Beefy Boxes and Bandwidth Generously Provided by pair Networks
Your skill will accomplish
what the force of many cannot
 
PerlMonks  

Create sort function from a text file

by Doozer (Scribe)
on Aug 16, 2021 at 11:16 UTC ( #11135872=perlquestion: print w/replies, xml ) Need Help??

Doozer has asked for the wisdom of the Perl Monks concerning the following question:

I'm having trouble getting a script to read a custom sort statement from a text file and use it. The text file contains the sort statement:

{ ($a =~ /B(\d+)/)[0] <=> ($b =~ /B(\d+)/)[0] or ($a =~ /U(\d+)/)[0] <=> ($b =~ /U(\d+)/)[0] }

The code I have so far is below:
*gSort = ''; my $sortname = 'gSort'; chomp(my $sort = `cat globalSort.txt` // ''); if ($sort) { *gSort = sub {$sort}; } foreach my $t (sort $sort @data) { print "$t\n"; }
When I run the script, I get the error:

Argument "{ ($a =~ /B(\\d+)/)[0] <=> ($b =~ /B(\\d+)/)[0] or ($a =..." isn't numeric

I can see that it is escaping the backslash for the \d+ part of the regex. If I manually write the same sort statement in to the code, it works as expected. What am I doing wrong? I should add that this is the first time I have used a typeglob (*) as it was the suggested solution that I found when looking on Google.

Any help would be very much appreciated, thank you!

Replies are listed 'Best First'.
Re: Create sort function from a text file
by haukex (Archbishop) on Aug 16, 2021 at 12:15 UTC

    First, note that running untrusted code from a text file is a security risk. Your requirement seems a bit unusual, so perhaps you can explain a bit more about why you (think you) need this?
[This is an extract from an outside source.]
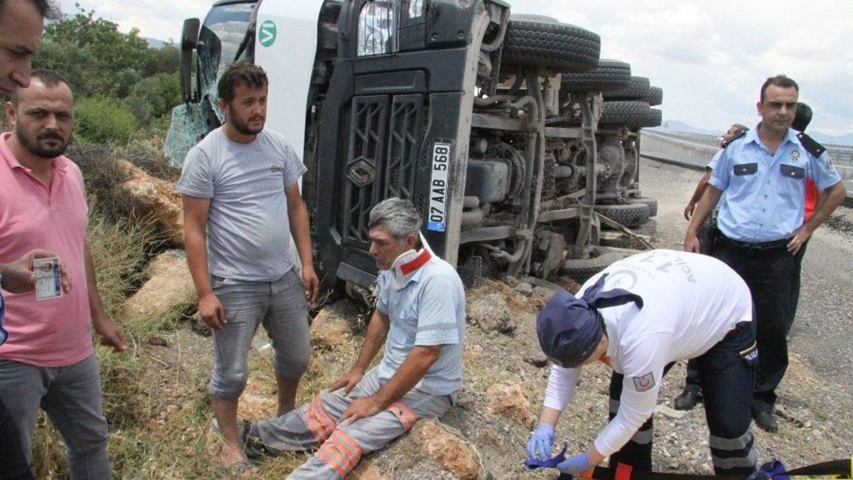Antalya’da beton mikserinin şarampole devrilmesi sonucu meydana gelen kazada sürücü yaralandı.Edinilen bilgiye göre kaza, saat 12.40 sırasında Antalya - Burdur Karayolu’nda TOKİ köprülü kavşağı yan yolda meydana geldi. Bir inşaata bıraktığı betonun ardından kent merkezine doğru dönüşe geçen Ali Güçlü idaresindeki 07 AAB 68 plakalı boş beton mikseri sürücüsünün direksiyon hakimiyetini kaybetmesi sonucu şarampole yan yattı. Yaklaşık 20 metre sürüklenen mikser, kenardaki taş ve toprak yığınlarına çarparak durdu. Kazayı görenler hemen durumu 112 Acil Çağrı Merkezine bildirdi.Kaza yerine itfaiye, polis ve sağlık ekipleri sevkedildi. Şoför bölümünde sıkışan sürücüsü polis ve vatandaşlar çıkardı. Ayak ve ellerinde kırıklar olduğu belirlenen sürücü Güçlü, 112 ekiplerinin ilk müdahalesinin ardından ambulansla Antalya Eğitim ve Araştırma Hastanesi’ne kaldırıldı. Polis kazayla ilgili inceleme başlattı.

    All your current sub gSort is doing is returning the string of code. To turn a string of Perl code into compiled code, you need eval. Here's one way to do this using a code reference:

    use warnings; use strict; my $filename = 'globalSort.txt'; open my $fh, '<', $filename or die "$filename: $!"; chomp( my $codestr = do { local $/; <$fh> } ); # slurp close $fh; my $sort = eval "sub $codestr" or die "Failed to parse code from $filename: $@"; print "Sorting with code: $codestr\n"; my @data = (7,3,9,1); print " Input: @data\n"; my @sorted = sort $sort @data; print "Output: @sorted\n"; __END__ Sorting with code: { $a <=> $b } Input: 7 3 9 1 Output: 1 3 7 9

      Thank you very much for the info. I have tried the solution with eval and it works as I expect so I really appreciate it.

      The reason for the requirement is as follows:

      I have a web interface where users can manage their own population of STB hardware. Each STB is given a unique name (usually relating to it's position in a series of racks). On the interface, the STBs are listed along with details that relate to each unit. In Perl, the list is sorted by the most basic "sort" function.
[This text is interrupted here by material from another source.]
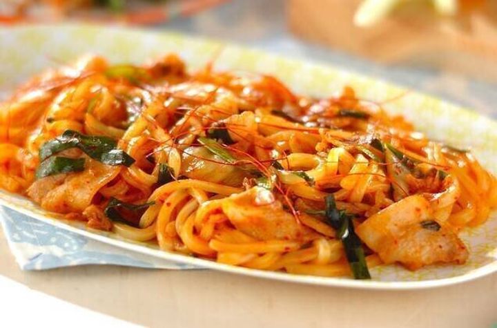 パパッとつくって食べられる、スタミナ豚キムうどんのレシピ。手作りなので、辛いものが苦手でも味の調整がしやすいのがうれしいところです。手早くエネルギーをチャージしたいときにぴったりのメニューですよ。
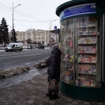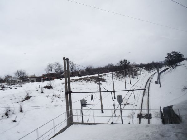 Der Wagen ist hochmodern, auf kleinen Monitoren laufen Werbung oder Zeichentrickfilme und auf die Minute genau rollt der Zug los. Mit gemächlicher Geschwindigkeit gleiten wir durch Kiew, es ist angenehm warm im Waggon, ich schaue aus dem Fenster, wie das verschneite Kiew an mir vorbei zieht. Nach wenigen Kilometern halten wir erneut, wir scheinen immer noch in Kiew zu sein, einige Fahrgäste steigen noch zu, dann nimmt die Bahn fahrt auf, die Ballungsdichte weicht verschneiten Feldern oder verschneiten Wäldern, mit knapp 160 Stundenkilometern rollen wir durch die Ukraine. In den Sitzreihen gegenüber wird fröhlich geschwatzt, die Energie in unserer Vierergruppe ist distanziert, jeder ist für sich, niemand lacht oder lächelt, niemand spricht, ich ziehe die Kopfhörer über, Bonnie Prince Billy singt „I see a darkness“ während endlose Felder nach endlosen Wäldern an uns vorbei gleiten. Ab und an radelt ein dick vermummter Frühaufsteher auf den verschneiten Wegen, warten einige Autos an einer Bahnschranke. Richtige Ortschaften passieren wir kaum, meist sind es Ansammlungen von kleinen Häuschen, die in Deutschland beinahe als Schrebergartenkolonnie durchgehen könnten, ich sehe wenig Licht. Aber Schnee, Felder, Wälder, wartende Autos an einer Bahnschranke. Nach einer Weile beschleicht mich das Gefühl, ich sitze in einer Märklin-Eisenbahn und wir fahren im Kreis.

      Different users employ different naming schemes. For example one users list may look something like:

      Rack1-Unit1 Rack1-Unit2 Rack3-Unit1 etc...
      Wheras another user may abbreviate the names and not bother whith hyphens e,g.
      R1U1 R2U3 R10U1 etc...

      Users can call their STBs anything they want as long as each name is unique. The basic sort function is not ideal as when there are 10+ racks and 10+ units, Numbers in the teens are listed after number 1, instead of being listed in numeric order e,g. R1,R10,R11,R2,R3 etc...
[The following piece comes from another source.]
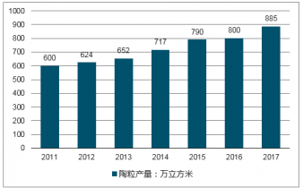 2011-2017年中國(guó)陶粒行業(yè)產(chǎn)量情況
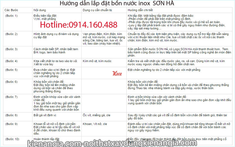 Hướng dẫn lắp đặt bồn nước inox Sơn Hà Masuno

      What I want to do is allow users to build their own custom sort statements which they can store in a text file. The script that creates the list to be shown on the interface can then read that text file and sort the list according to the user. So if a user creates the below sort statement:

      { ($a =~ /R(\d+)/)[0] <=> ($b =~ /R(\d+)/)[0] or ($a =~ /U(\d+)/)[0] <=> ($b =~ /U(\d+)/)[0] } They will have their list ordered first by Rack, and then by unit e,g.
      R1-U1 R1-U10 R2-U2 R3-U13 R10-U1 R10-U5 R10-U11

      Being able to customise the sort order improves the usability of the interface for the users. They use it everyday for a majority of their work so anything that helps save time is of great value

      The interface is deployed in different areas of a secure testing facility and is only used on a private VPN, so the access is tightly controlled.

        I have a web interface where users can manage their own population of STB hardware. ... What I want to do is allow users to build their own custom sort statements which they can store in a text file.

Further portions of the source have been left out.